Previously, the towns had limited facilities for solid waste collection. Domestic waste was deposited and collected from the streets and frequently ended up in the sea or canals, or dumped on vacant land. As a result, leach ate seeped into the groundwater and polluted local crops. But with the rubbish bins, pedicarts and compactor trucks provided by 3DT project, waste collection has been improved and uncontrolled rubbish dump sites have been replaced with new sanitary landfills.
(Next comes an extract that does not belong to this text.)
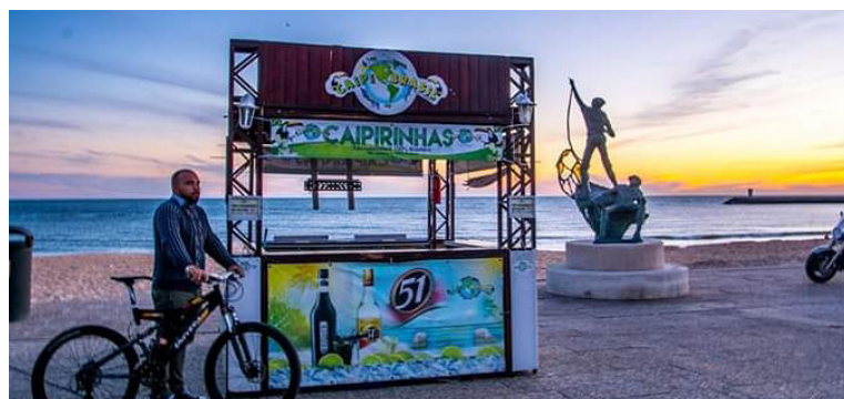
“Tudo parou, foi uma bomba que caiu no mundo”, lamentou Télio

Also in recent survey conducted in the three towns, more than 90 per cent of households said their area was cleaner than five years ago. Tran Kim Hien said that Sa Dec was lucky to be included in the project. Previously, many schools in Bac Lieu, Sa Dec and Ha Tien had inadequate or poorly maintained sanitation facilities. The toilets were sub-standard and smelly. Clean water and soap not always available and some parents expressed concern that the poor facilities put their children off going to school.

3DT’s Schools Sanitation Programme provided funding for 30 schools to upgrade or install toilets, urinals, hand washing facilities, drinking fountains and water tanks. Trung Vuong primary school’s principle in Sa Dec Ngo Thuy Anh said that students were previously afraid of going to toilets due to unhygienic conditions. “But now, they are coming into toilets with smiles,” said Anh.

Reinsch said the assistance to upgrade the toilets for school was one of the most meaningful parts of the project. “Children most need a clean environment and sanitation as they are most vulnerable to diseases,” he said.